Rezension

Verlangt einiges an Geduld ab...

Die Spur ins Schattenland - Jonathan Stroud

Die Spur ins Schattenland
von Jonathan Stroud

Bewertet mit 2 Sternen

Fantastische Traumwelt - bedrohlicher Alltag: ein meisterhaftes Spiel mit Fantasie und Realität

Alle glauben, Max wäre ertrunken. Nur Charlie glaubt das nicht. Sie war doch dabei am Mühlsee, als Max ins Wasser sprang! Sie weiß doch genau, was dort passiert ist!
In ihren Träumen kann Charlie Max sehen. Max ist nicht tot, er ist noch da. Charlie muss nur seinen Spuren folgen, um ihn nach Hause zu holen. Und Charlie folgt ihnen - selbst über die Grenzen dieser Welt hinaus...

"Die Spur ins Schattenland" ist ein psychologisches Verwirrspiel, bei dem Stroud stets offen lässt, ob nun Charlies Version der Ereignisse - das Schattenland, die seltsamen Frauen, die Max im Wasser nach unten zogen - der Wirklichkeit entspricht, oder ob sie einfach traumatisiert ist und sich alles nur einbildet. Diese Ungewissheit hält bis zum sehr offen gehaltenen Ende an.
Abwechselnd lässt Stroud Charlie und ihren großen Bruder James zu Wort kommen. Irritierend ist hier, dass die Lesung allein von Gerd Köster bestritten wird, obwohl die Hauptfigur ein Mädchen ist. Eine weibliche Stimme wäre hier weitaus passender gewesen. Da Charlie und James beide aus der Ich-Perspektive berichten, braucht man als Hörer manchmal einige Sekunden, um zu begreifen, wer gerade spricht.

Das Hörbuch ist stellenweise recht langatmig. Zu Beginn fehlt es ein wenig an Action und die spätere Handlung ist ein wenig zu wirr, um wirklich als Action bezeichnet werden zu können. Gerade Charlies Erlebnisse in der Traumwelt gestalten sich unnötig langwierig, was der Geschichte einfach den Schwung nimmt.
Ebenfalls unvorteilhaft gestaltet sich auch die Beziehung zwischen Charlie und ihrem verschwundenen Freund Max. Zwar erfährt der Leser durchaus, wie viel Max Charlie bedeutet, dem Autor gelingt es aber nicht, auch uns Max näher zu bringen. Aufgrund dieses fehlenden Bezugs fällt es zeitweise schwer, Charlies Besessenheit richtig nachempfinden zu können. Max bleibt das gesamte Buch hindurch eher eine distanzierte Persönlichkeit.

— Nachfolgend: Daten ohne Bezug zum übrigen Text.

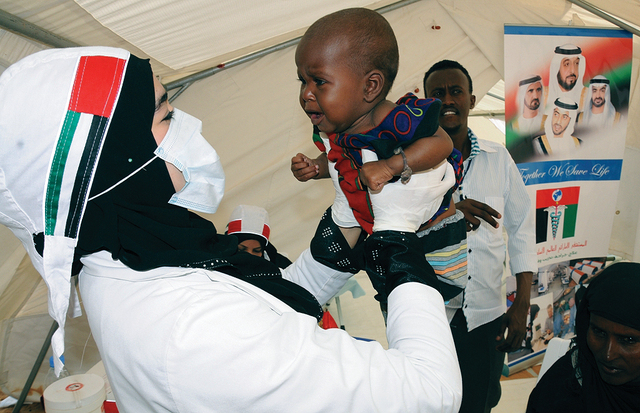 وأضاف ان فريق الإمارات الطبي التطوعي قدم خدماته في مخيمات اللاجئين حيث ثمنت الفعاليات الشعبية والمسئولون الصوماليون مبادرة دولة الإمارات وجهود كوادرها الطبية وأشادوا بجهود الإمارات الإغاثية التى قدمتها للشعب الصومالي حيث نفذت مشاريع إغاثة غذائية وطبية في وقت سابق لإغاثة اللاجئين وتسهيل عودتهم الى قراهم .

In diesem Fall war ich wirklich froh, dass es sich um eine gekürzte Lesung handelt, fand sie mit 265 Minuten auf vier CDs immer noch verhältnismäßig lang.
Gerd Köster unterstreicht diesen Eindruck durch seine sehr ruhige, bedächtige Lesung auch noch. Zwar liest er prinzipiell gut und mit Gefühl, aber auch nicht aufsehenerregend oder besonders akzentuiert. Ab der dritten CD schleicht sich dann auch eine gewisse Ungeduld beim Hörer ein, denn es geht kaum vorwärts, man möchte endlich wissen, woran man nun ist! Das offene Ende mag zwar anspruchsvoll sein und zum Denken einladen, ist aber auch recht unbefriedigend.

Eine sehr ruhige und bedächtig erzählte Geschichte zu einem ernsten Thema, ein Grenzgang zwischen Traum und Realität. Fans der Bartimäus-Trilogie von Jonathan Stroud sollten hier keine Fantasyerzählung erwarten.
Für ältere Kinder ab elf Jahren und für Jugendliche, die sich auch für die Themen Tod und Trauer interessieren, sicher interessant - aber dennoch verlangt das schön aufgemachte Hörbuch einiges an Geduld ab.